Inspiration, motivation and pure hard graft, by Jenny Browning
It was a Monday morning. We weren’t in West Dean College’s historic house itself – so no dark portraits or gracious chandeliers. No ghost of Edward James giving us goosebumps.
Home for those on the MA Creative Writing and Publishing course was the Old Dairy near the entrance to the gardens – all white walls, functional furniture, thankfully a coffee machine and sometimes a challenging painting or installation left by one of the artists. We could see grass and trees outside, but none of the bucolic views of the South Downs with fuzzy white sheep and matching clouds you see from the main house. In fact, it was raining – a downpour pounded the windows and the car park tarmac outside.
Mark – or as it was our first year it may have been Mick – was talking about our favourite books and using their structure to help shape our novels. I suddenly had a profound feeling of this is where I was meant to be. Contentment, I suppose, mixed with a sense of privilege. A few months previously Monday morning would have meant dashing up the A3, stressing about difficult clients, listening to business clichés. How wonderful to be away from all that.

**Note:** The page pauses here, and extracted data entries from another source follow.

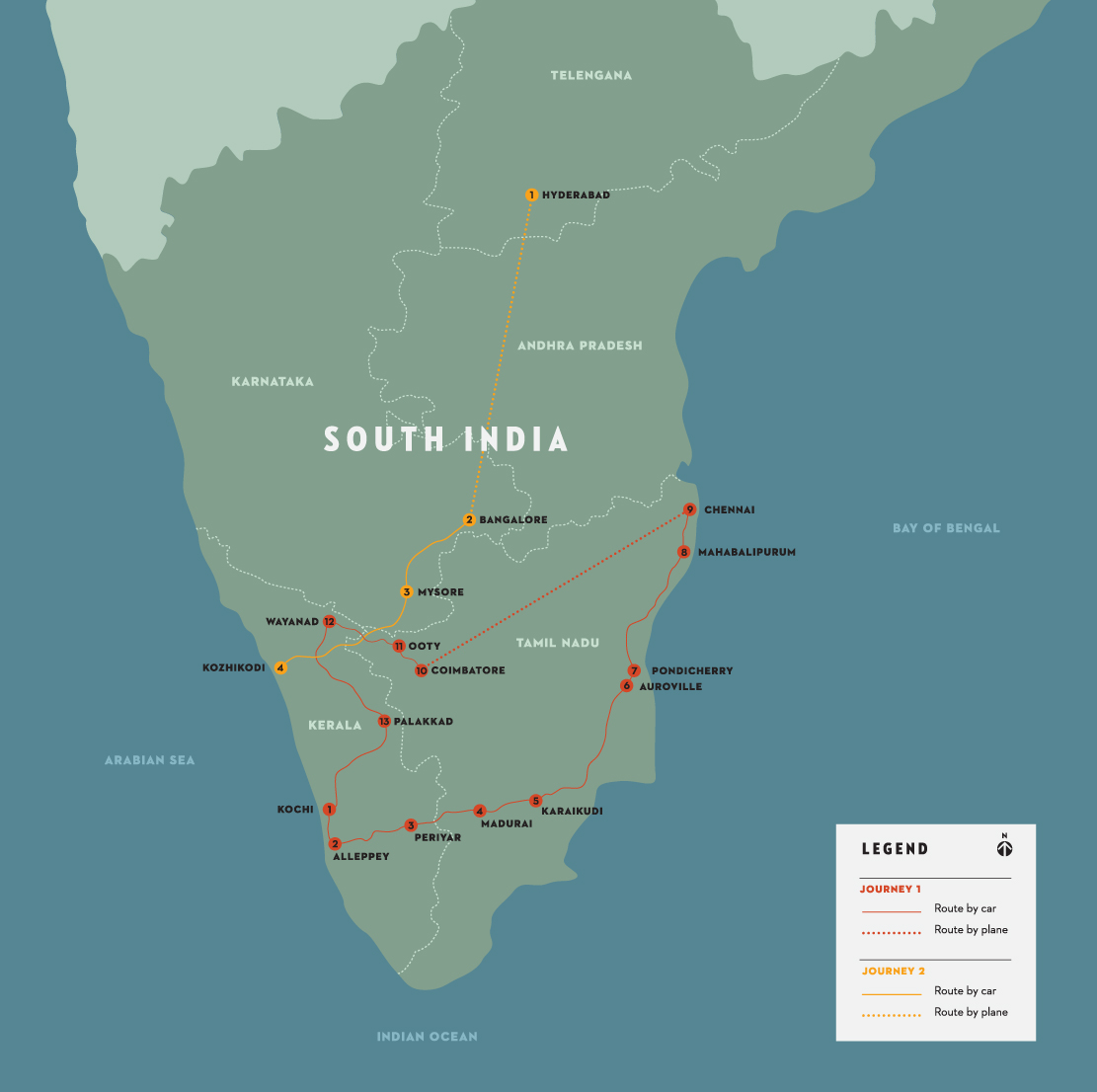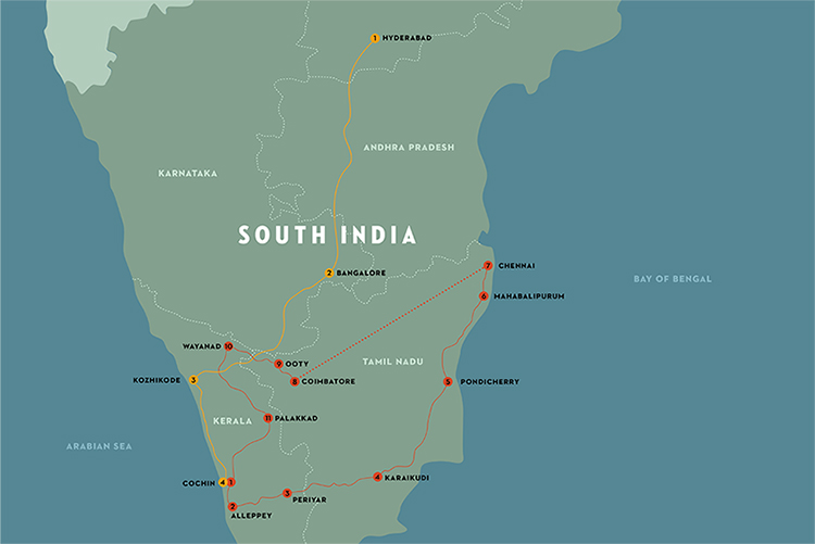 “A South India Road Trip” travel map.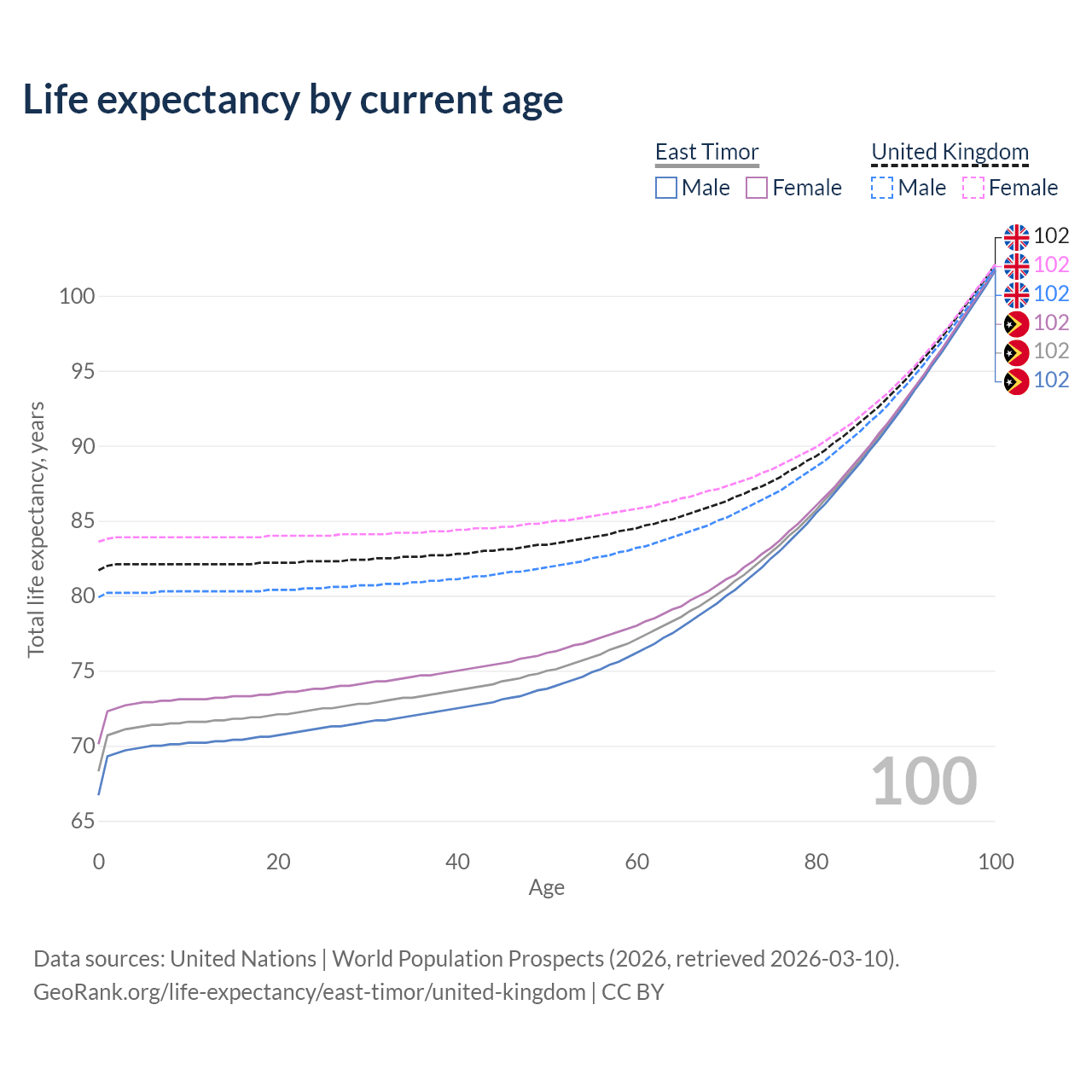 This life expectancy calculator shows the odds of living to 100, 95, 90, and below based on current age for both males and females in East Timor and the United Kingdom, along with mean and median age of death. The calculations are based on the 2026 life tables (actuarial tables) from the UN World Population Prospects.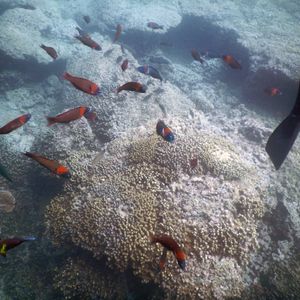 個人的には石垣島のカヤマ島ツアーの方がサンゴも魚も綺麗でした。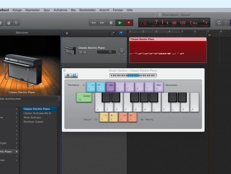 Darunter finden Sie weitere virtuelle Instrumente. Tippen Sie [cmd]+[K] und geben Sie über die virtuelle Tastatur Töne ein. Zum Aufzeichnen klicken Sie den roten Schalter.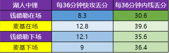 麦基每36分钟快攻丢12.8分全队最高,钱德勒在场时候球队内线丢分全队第二低,就比基本垃圾时间的比斯利分数低一点,谁对球队防守端的影响力更大, 一目了然。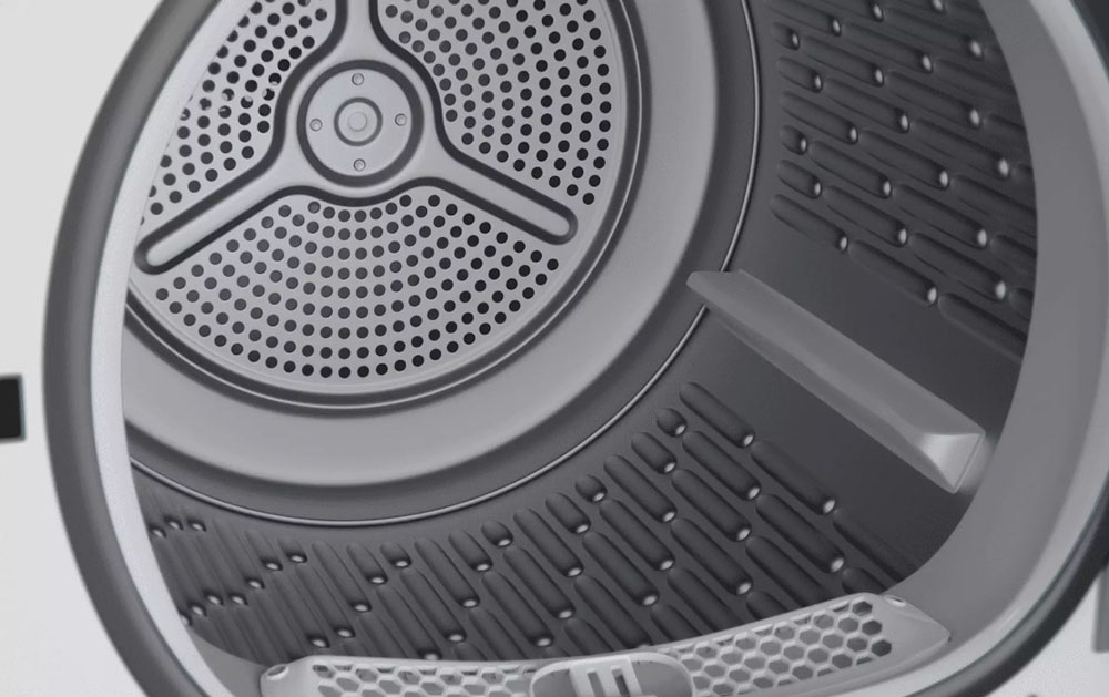 Стенки барабана покрыты «сотами» — небольшими выемками, благодаря которым образуется воздушная прослойка. Она амортизирует белье, увеличивает скорость сушки, предохраняет от складок.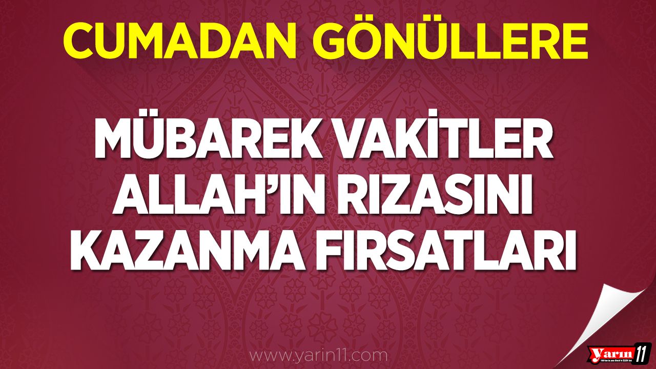 Buraya kadar anlattığımız mübarek zaman dilimleri, yılda bir defa yaşayabildiğimiz aylar ve günlerdir. Bunlardan başka bir de her hafta istifade imkânı bulduğumuz mübarek vakitler vardır ki, bunların başında haftalık toplanma vakti olan cuma günü gelmektedir. Kur’ân-ı Kerîm’deki sûrelerden birinin isminin ‘Cuma’ olması ve yine aynı sûrede Cuma namazından açıkça bahsedilmesi bu vaktin önemini göstermektedir. Peygamber Efendimiz, cumanın “Müslümanların bayramı” ve “üzerine güneş doğan en hayırlı gün” olduğunu, Hz. Âdem’in bu günde yaratıldığını, cennete girdiğini ve tekrar cennetten çıkartıldığını ifade etmektedir. Yine Peygamberimiz, “Cuma günü öyle bir an vardır ki, şayet bir Müslüman kul namaz kılarken o âna rastlar da Allah’tan bir şey dilerse, Allah mutlaka ona dilediğini verir.” buyurarak cumanın icabet ânına dikkat çekmektedir. Bir hadiste bu kıymetli vaktin, imamın hutbe için minbere çıkması ile namazın eda edilmesi arasındaki vakit olabileceği62 ifade edilmekteyse de icabet ânının kesin bir şekilde belirlenmemesi, cuma gününün tümüne değer verilmesi gerektiğini göstermektedir. Şu hâlde cuma günü her ânını Allah’ın rızasına uygun bir şekilde geçiren kimsenin bu vakti yakalaması ve Allah’ın da onun dileklerini yerine getirmesi umulur.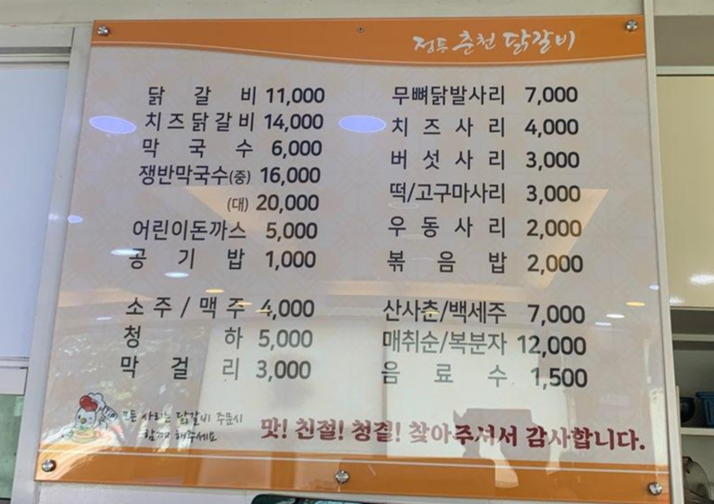 여느 닭갈비 집과 비슷한 메뉴 목록을 가지고 있어요.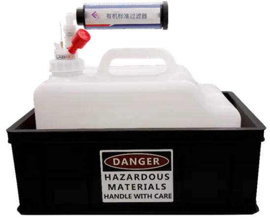 包含20L內覆膜廢液桶一個、內外蓋各一個、液相連接頭一套、過濾器快速接頭一套、無機標準過濾器一個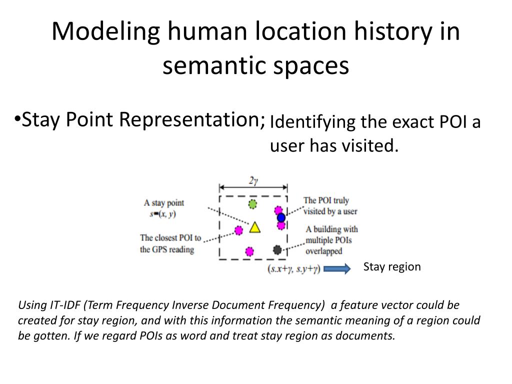 Modeling human location history in semantic spaces • Stay Point Representation; Identifying the exact POI a user has visited. Stay region Using IT-IDF (Term Frequency Inverse Document Frequency) a feature vector could be created for stay region, and with this information the semantic meaning of a region could be gotten. If we regard POIs as word and treat stay region as documents.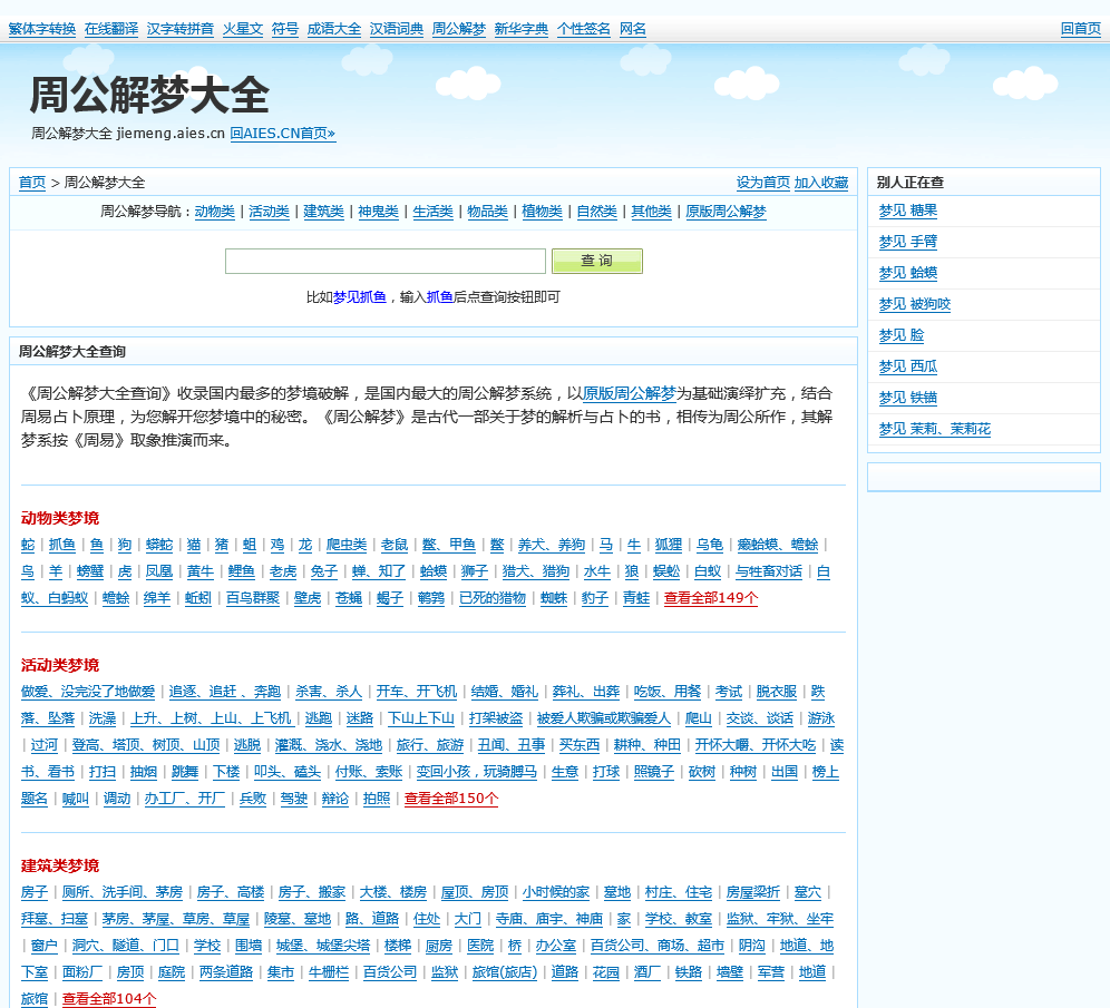 - 网站名称:周公解梦查询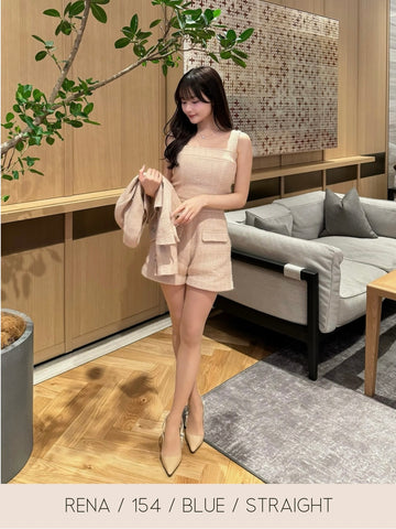 ラメとホロがあしらわれたキラキラで春らしいツイード生地のセットアップのロンパース。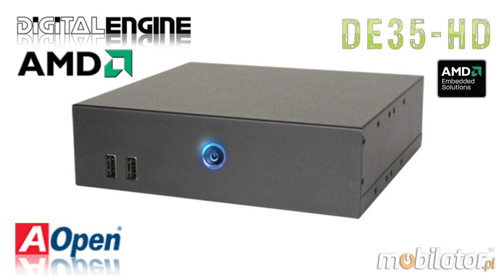 Dzięki zastosowaniu najnowszych technologii w MiniPC DE35-HD Digital Engine jest przystosowany do ciagłej wielozadaniowej pracy przy niskim zużyciu energii(65W). Istotną zaletą jest skuteczne połączenie małych wymiarów ze sporym potencjałem przez użycie wydajnych procesorów z rodziny AMD Dual core T56N (2x1.6GHz), Chipsetu (Hudson E1-A55E) oraz możliwości rozbudowy pamięci DDR3 (do 8GB). Zintegrowany układ audio-wizualny pozwala na odtwarzanie aplikacji (obraz, dźwięk).Przestrzeń dyskowa oferuje do dyspozycji (maksymalnie) 500GB HDD lub 128GB SSD.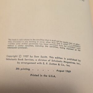 This is a vintage 1969 Scholastic paperback book titled Midnight, Champion Bucking Horse by Sam Savitt.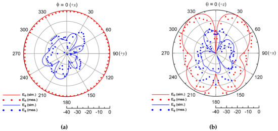 At a test frequency of 5.84 GHz, the directivity of the proposed antenna was different from that of an ideal monopole (that is, an electrically small antenna) due to the radiator at a wavelength of 1.5. At θ = 30° in Figure 6b, the horizontal polarization(Eϕ), that is, the cross-polarization of the proposed antenna, was observed at -20.64 dB with a normalized radiation pattern.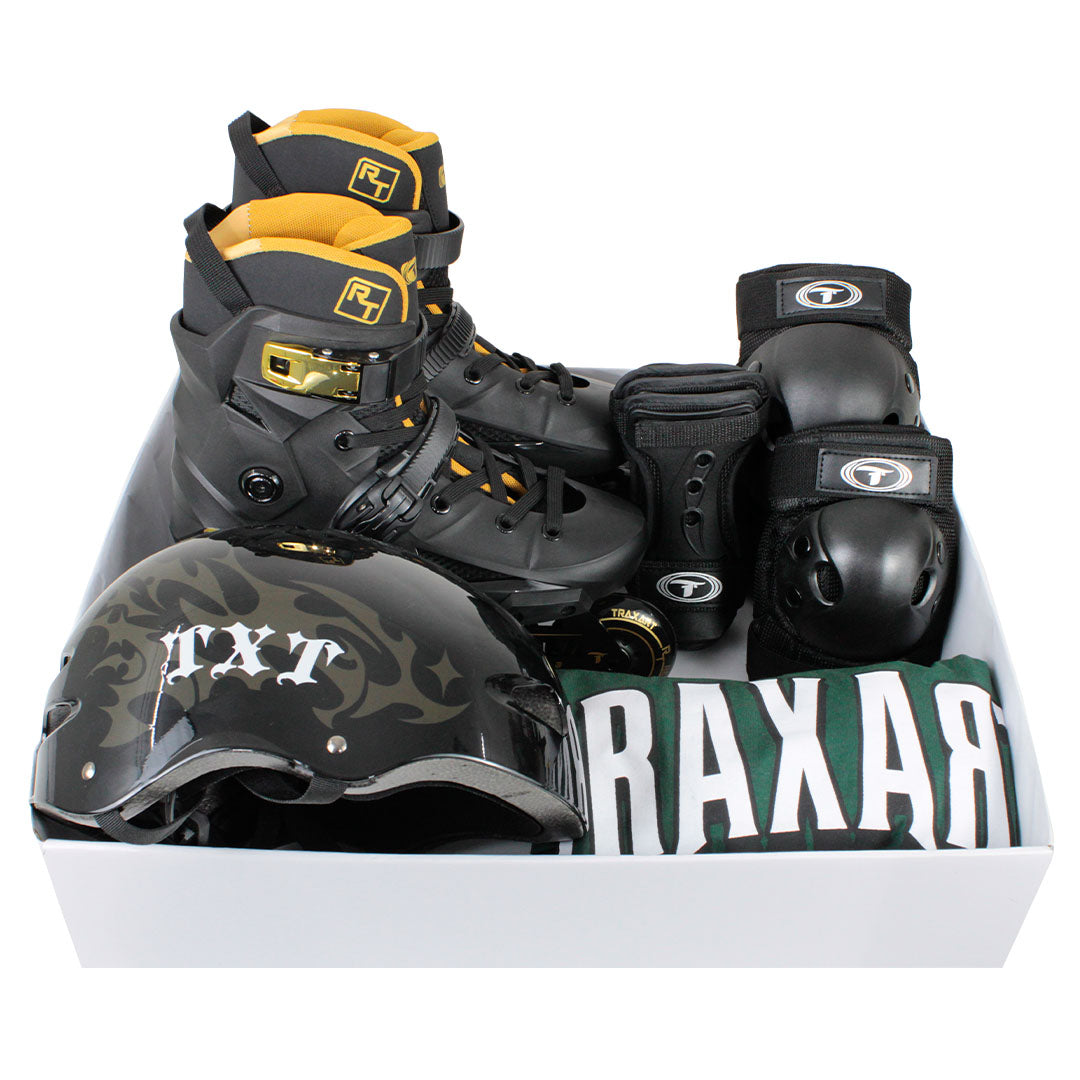 O Kit Avançado inclui  Patins Revolt Turbo Gold, Capacete Intermediário Biker, e Protetor SSE-613.

With hindsight, that time seems all the more golden as it was cut short by Covid. We didn’t think so then, but we were lucky as we only missed our last session and we could spend lockdown preparing our work and writing our novels for submission.
But perhaps I’m making doing a creative writing MA sound all warm and fluffy. It wasn’t. It was damned hard work. And having started something then, I’m determined to continue. So, it’s still a slog most of the time, with a few odd moments of joyful inspiration to help keep up the momentum. For most of us, the manuscript we submitted for our final assessment was just the beginning. Keeping on writing post West Dean has been a far sterner test than the MA itself.
This is why our year, and subsequent students, are grateful to our West Dean tutors for enabling us to form an alumni group facilitated by tutor Laura Wilkinson. It’s a monthly shot of motivation. And, by the way, this time we do meet in the gilded rooms of West Dean proper.
I now have a better vision of what I want my novel to be and it’s within reaching distance if I stretch my mind as far as it will go.
I was particularly in the doldrums about my work because it’s inspired by the daughter of a Russian Tsar (albeit one who ends up living on Hayling Island). I’d given up on it as untimely and started something new. Ironically, it’s about how public events impact private lives – and here I am being affected myself.
After talking to Laura, I’ve decided to carry on.
Apparently, the painter Frank Auerbach used to apply a new coat of paint on his portraits, wait for it to dry and then strip it back again down to the bones, revealing something different every time. The writer Sarah Moss is said to destroy the first draft of her work in progress and re-write from her head to help maintain a freshness.
I’m not brave enough to totally copy these ideas. But, I am re-writing and making big changes. Without the foundation of the West Dean College course and its ongoing input, I wouldn’t have the confidence to do this or even the insight to know it was needed. Being sure you are doing the right thing doesn’t mean you stop questioning how you do it.